▶ _Problem to work on_: Take the lines below from the one with "水泥人網(wǎng)同時整理" through the one with "210 PCS Vehicles" and print only them, exactly. Don't print the pictures.

▶ _Supplied records_:
%%
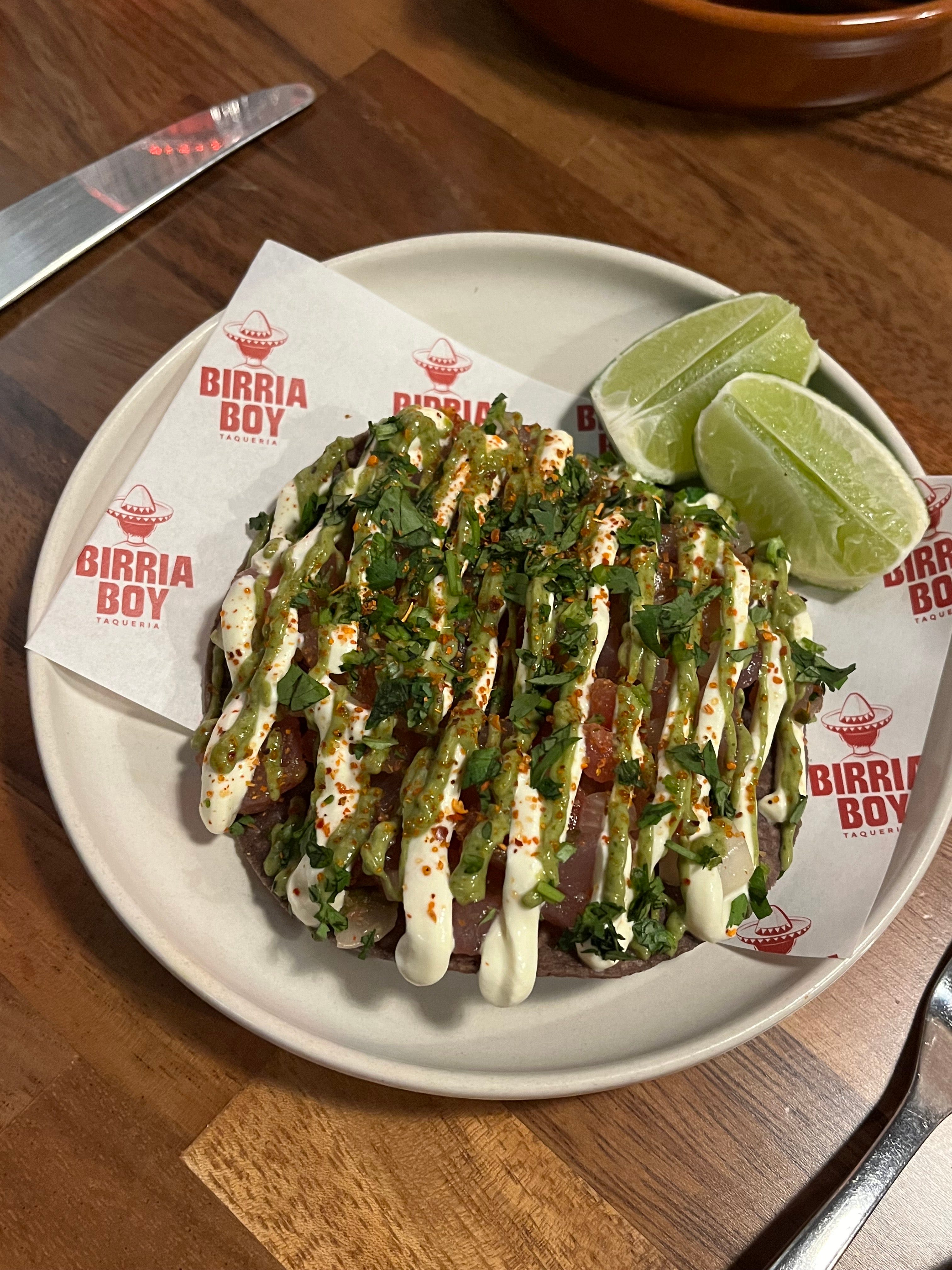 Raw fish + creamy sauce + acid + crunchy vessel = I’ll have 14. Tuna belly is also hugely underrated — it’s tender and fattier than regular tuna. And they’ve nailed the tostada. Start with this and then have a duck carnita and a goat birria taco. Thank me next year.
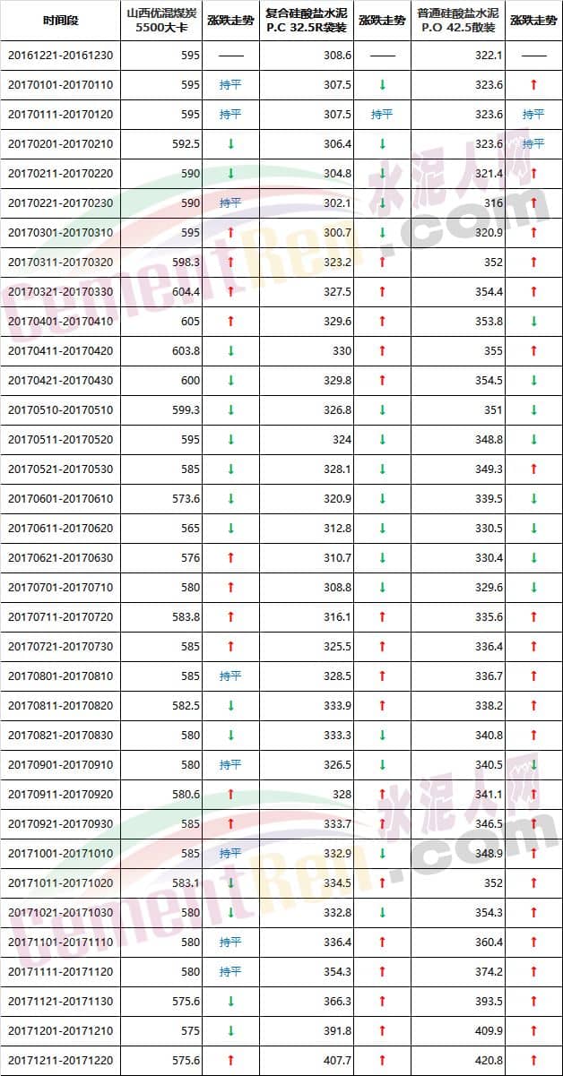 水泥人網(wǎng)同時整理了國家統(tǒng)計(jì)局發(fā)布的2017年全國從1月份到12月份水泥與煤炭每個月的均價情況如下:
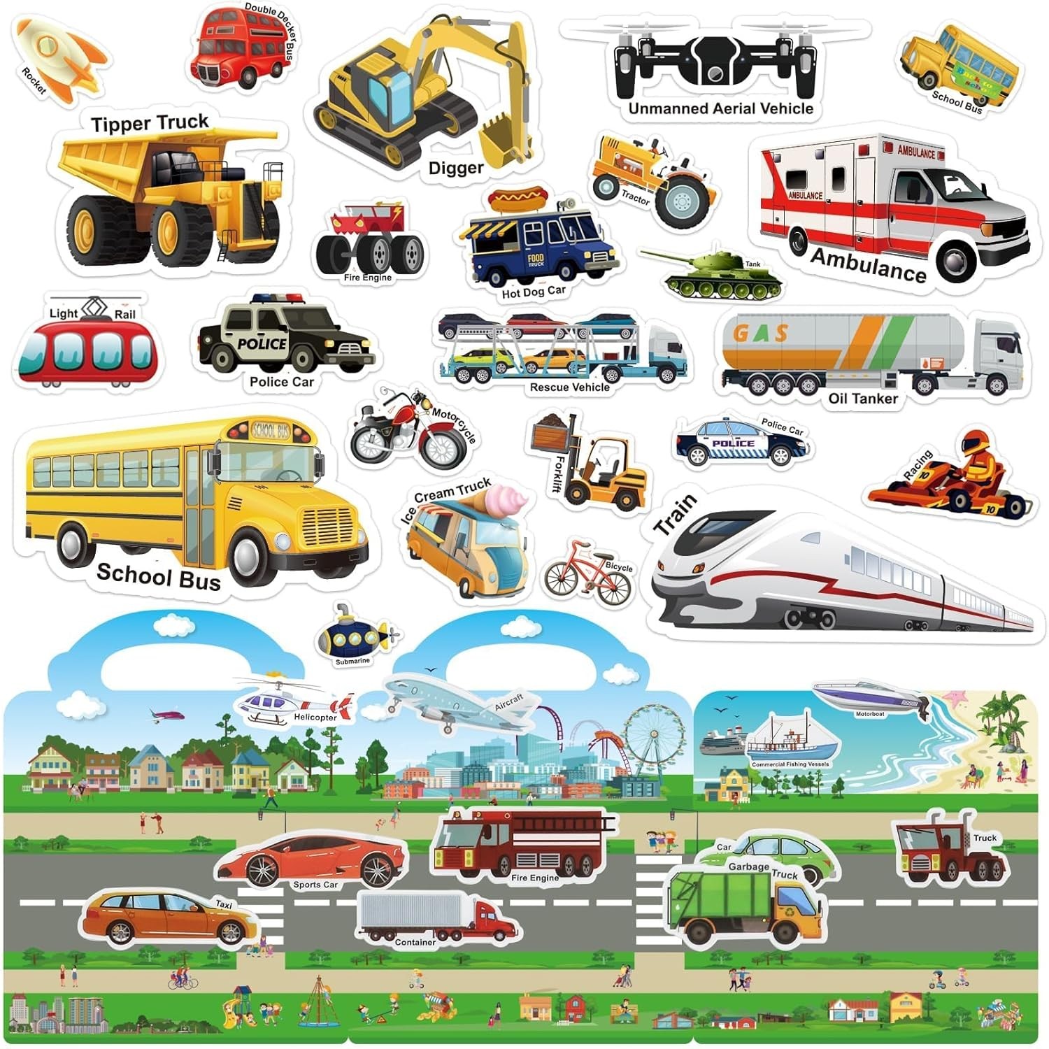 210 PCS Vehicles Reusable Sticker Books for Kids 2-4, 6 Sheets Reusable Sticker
%%
%%
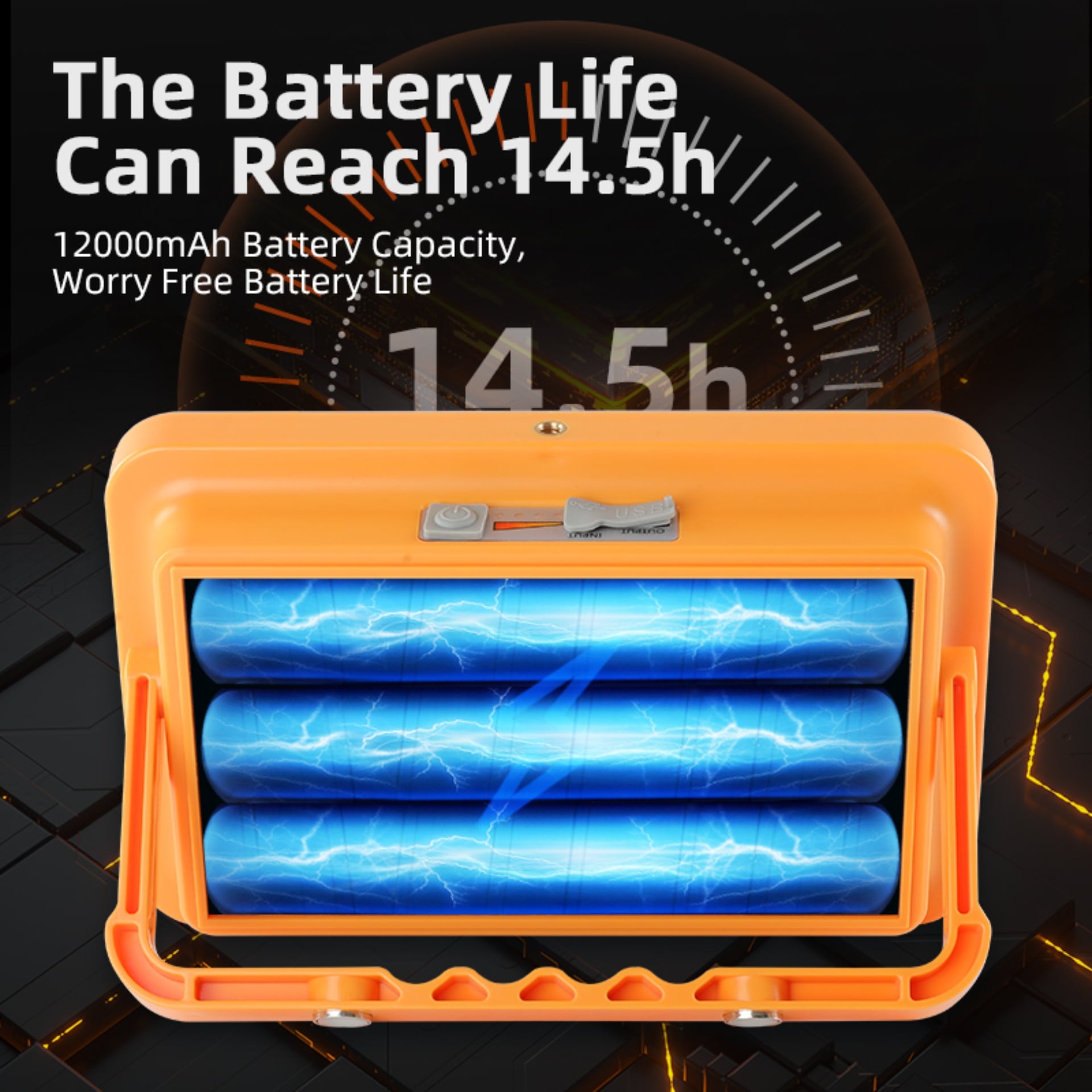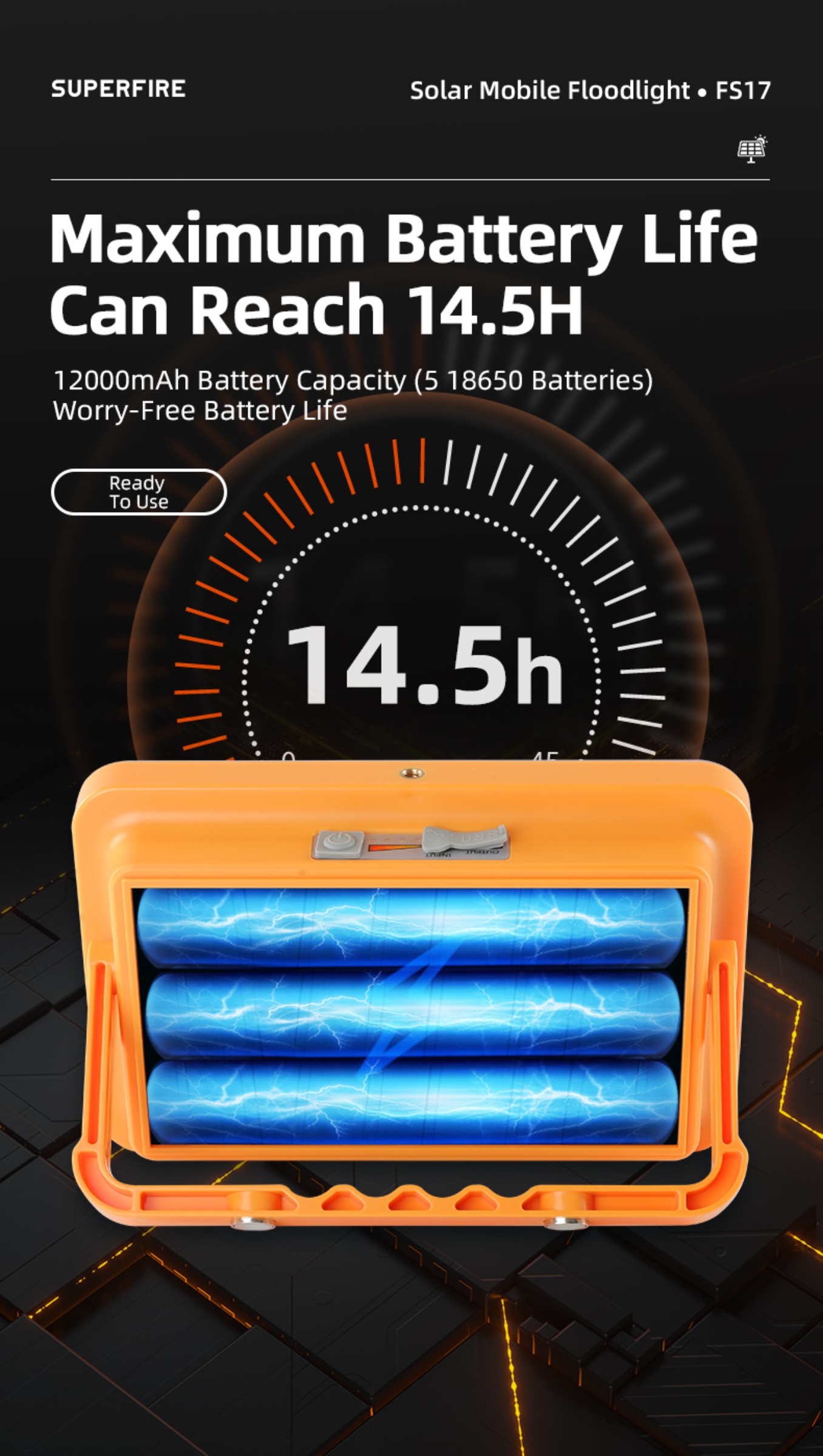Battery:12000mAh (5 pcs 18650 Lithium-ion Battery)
%%
▶ _Answer space_:
 水泥人網(wǎng)同時整理了國家統(tǒng)計(jì)局發(fā)布的2017年全國從1月份到12月份水泥與煤炭每個月的均價情況如下:
 210 PCS Vehicles Reusable Sticker Books for Kids 2-4, 6 Sheets Reusable Sticker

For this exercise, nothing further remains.